Spector: No, I’m not worried about money right now.

GamesBeat: Given that there is this very different environment out there, do you have any counsel for people who are considering raising money? Is this the best time to raise money for games?

Spector: Every time is the best of times and worst of times. That’s where we are now. The best part of it is, there’s a lot of activity, both on the publishing side and the M&A side. Everywhere there can be activity, there is activity. The cool thing about where we are right now, anybody who has an idea can get an engine to make it in. There are so many ways to reach an audience and so many business models. Nobody knows what they’re doing. It’s kind of the wild west. But that means there’s opportunity.

That also means there are thousands of people making games. The fight for attention, not just at the player level, but at the publisher level, the funding level–there’s a lot of competition. You need a way to stand out. Luckily Paul and I have reputations enough that it opens doors. But for a lot of people, that’s just not going to be possible. I’m not sure how I could counsel them.

Warren Spector and Paul Neurath started OtherSide Entertainment

GamesBeat: We saw Gabe Newell’s comment on the metaverse and NFTs now, calling them a lot of insanity. I don’t know if you see those things the same way, or if you have a different perspective.

Spector: Here’s where I’m going to get in trouble. I’m literally going to have people giving me hell about what I’m about to say, but I really don’t think I care. NFTs are ridiculous. I do not understand why anybody would want to climb on that bandwagon. Ownership of virtual goods that can be instantly reproduced in unlimited quantities. Who thinks that’s a good idea? So NFTs, I have no interest.

The metaverse, sure, maybe someday, but honestly it’s going to be long after I’m gone. I’m happy about that. I like living in the real world. I don’t particularly find putting on a headset and interacting virtually with other people, not knowing if my wife is coming up behind me with a baseball bat–that just doesn’t appeal to me. And it’s not like you can look at the current social media landscape and say, “Hey, that’s great!” I haven’t been on social media in two years, almost three years now. I just gave it up. I was tired of people giving me grief, tired of the time it was taking up. It didn’t add anything to my life.

I always told people when I was doing it–it’s like playing Dungeons and Dragons, where the number of followers you have is your level. If you have a lot of followers you’re a winner, or you’re powerful in some way. I just want to make games.

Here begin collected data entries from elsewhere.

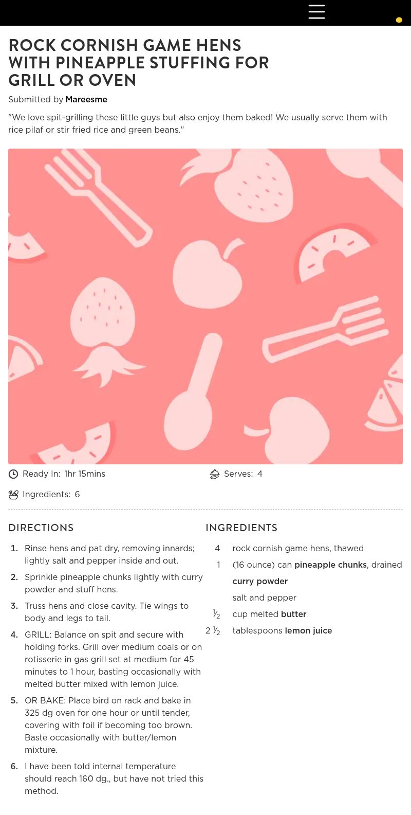 Cooked this for my family and it was a big hit. Has a wonder favor. i did make a mixture of olive oil, paprika and garlic powder, I rubbed the mixture over the hens. Also cook only two hens but used the 16 oz can of pineapple. Baked it in the oven. Internal temperture was 170. Will certainly be cooking quite often.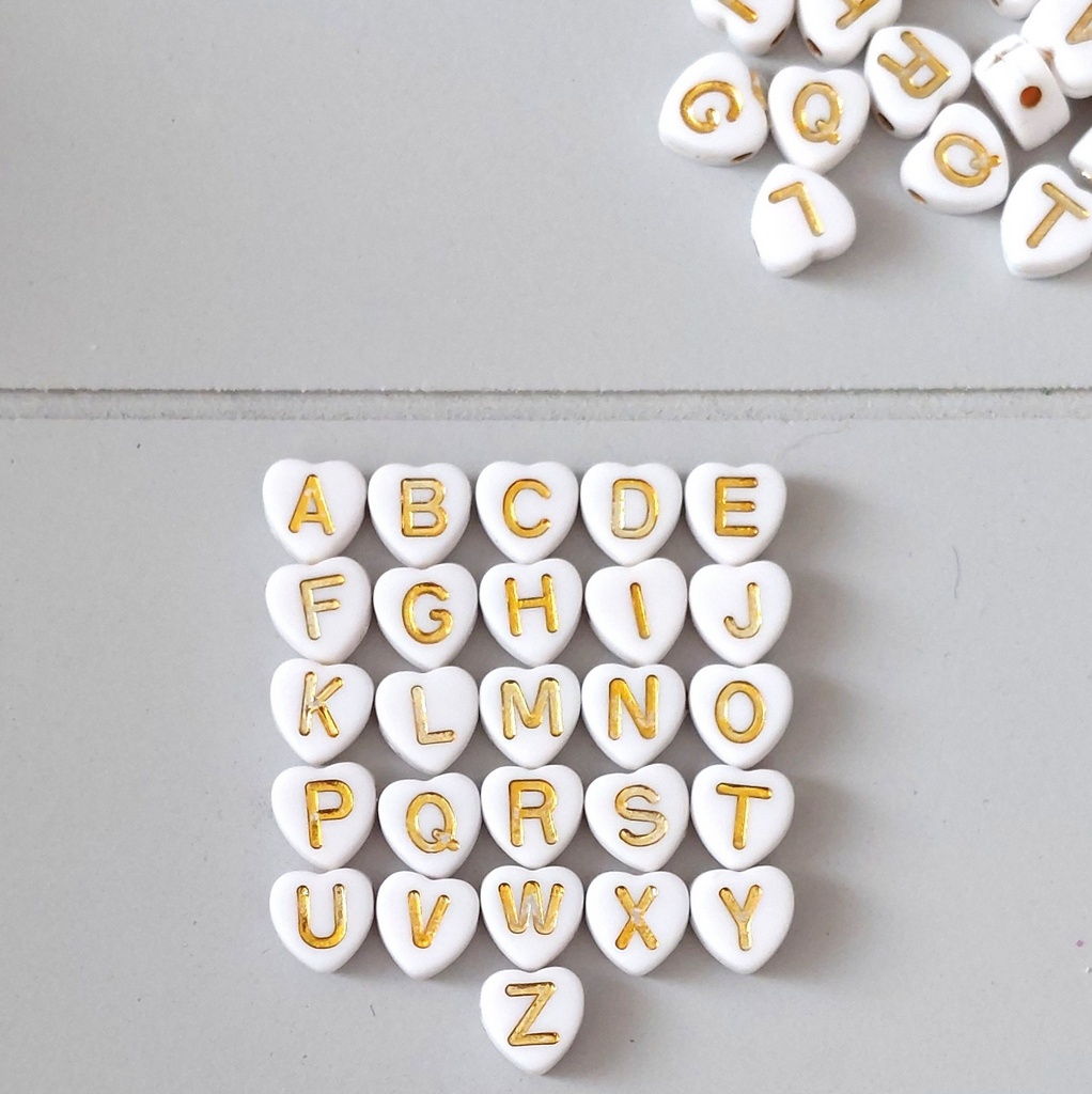 Buchstabenperlen Herz-Weiß-Gold 100Stk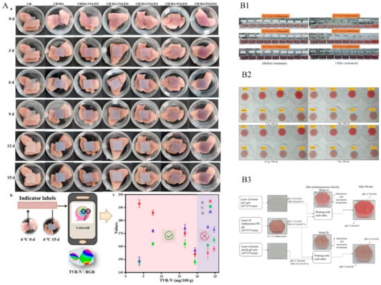The application of 3D printing in intelligent packaging. (A) The 3D printing of MA as a bioindicator film for dyes [37]. (a) Pictures of the indicator film stored at 4 °C; (b) schematic diagram of the method for assessing meat quality; (c) TVB-N results and RGB data for assessing the freshness of pork. (B) Principle of applying anthocyanin-P°CS gels for the 3D printing of intelligent food packaging indicators [38]; (B1) color of anthocyanin–PS gels before and after treatment (pH 2–10); (B2) anthocyanin–PS gels color change (pH 2 to 5 and PS 12.5–15%); (B3) design of the 3D-printed model.

GamesBeat: It’s always interesting to see who’s diving in and who’s not. There’s that contrast between tradition and innovation, I guess, or tradition and the latest new scam?

Spector: I wouldn’t say “scam.” Prediction is a fool’s game. It might be that the metaverse is the future, that VR is the future. Although VR does come along every 10 years to save whatever medium needs saving. I’m a little dubious. Maybe this time it’ll happen. There are still some challenges ahead. If you look at how much money Meta has put into that and how little they’ve gotten out, somebody’s rolling some pretty big dice there. We’ll see. Maybe I’m wrong. I just think we’re a ways away from that being a thing.

AR is a little more interesting to me, but even that–just let me make my games. I don’t even think of that as traditionalist. I think there’s still so much innovation ahead of us just in flat-screen games. We haven’t explored everything the medium can and should do. What I’m doing right now, my team is terrified, as they should be. That’s a good thing. If you’re not scared you’re not working hard enough.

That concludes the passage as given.